### Input data
= = = =

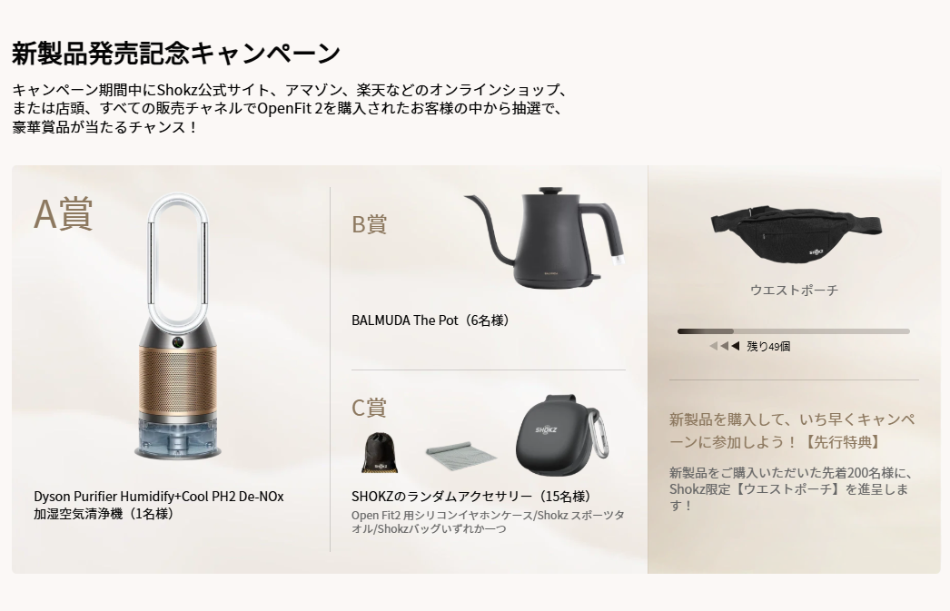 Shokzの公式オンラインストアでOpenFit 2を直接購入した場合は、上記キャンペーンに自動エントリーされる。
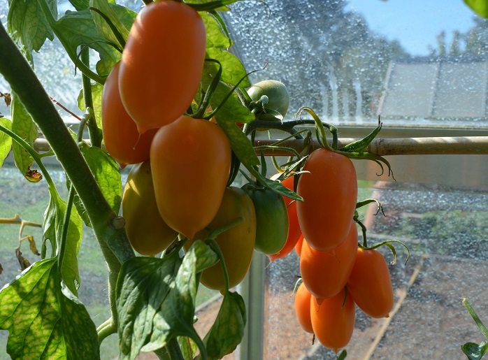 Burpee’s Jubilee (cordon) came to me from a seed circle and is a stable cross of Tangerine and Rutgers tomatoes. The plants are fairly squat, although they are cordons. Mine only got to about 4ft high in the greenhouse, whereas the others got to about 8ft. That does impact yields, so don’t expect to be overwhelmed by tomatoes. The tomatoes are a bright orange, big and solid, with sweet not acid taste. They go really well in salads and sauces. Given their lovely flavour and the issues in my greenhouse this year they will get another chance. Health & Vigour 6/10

= = = =

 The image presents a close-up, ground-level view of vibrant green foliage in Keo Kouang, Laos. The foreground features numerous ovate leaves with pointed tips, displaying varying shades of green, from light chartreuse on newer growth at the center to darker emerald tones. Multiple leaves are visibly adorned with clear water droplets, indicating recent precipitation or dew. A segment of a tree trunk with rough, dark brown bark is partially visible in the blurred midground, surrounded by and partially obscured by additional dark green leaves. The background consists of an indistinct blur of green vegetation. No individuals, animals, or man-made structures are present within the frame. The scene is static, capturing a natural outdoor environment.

= = = =

### About this exercise
Repeat exactly the lines above, beginning at the one containing "Shokzの公式オンラインス" and ending at the one containing "Burpee’s Jubilee (cordon)". Do not carry over any pictures.

### Response to the task
 Shokzの公式オンラインストアでOpenFit 2を直接購入した場合は、上記キャンペーンに自動エントリーされる。
 Burpee’s Jubilee (cordon) came to me from a seed circle and is a stable cross of Tangerine and Rutgers tomatoes. The plants are fairly squat, although they are cordons. Mine only got to about 4ft high in the greenhouse, whereas the others got to about 8ft. That does impact yields, so don’t expect to be overwhelmed by tomatoes. The tomatoes are a bright orange, big and solid, with sweet not acid taste. They go really well in salads and sauces. Given their lovely flavour and the issues in my greenhouse this year they will get another chance. Health & Vigour 6/10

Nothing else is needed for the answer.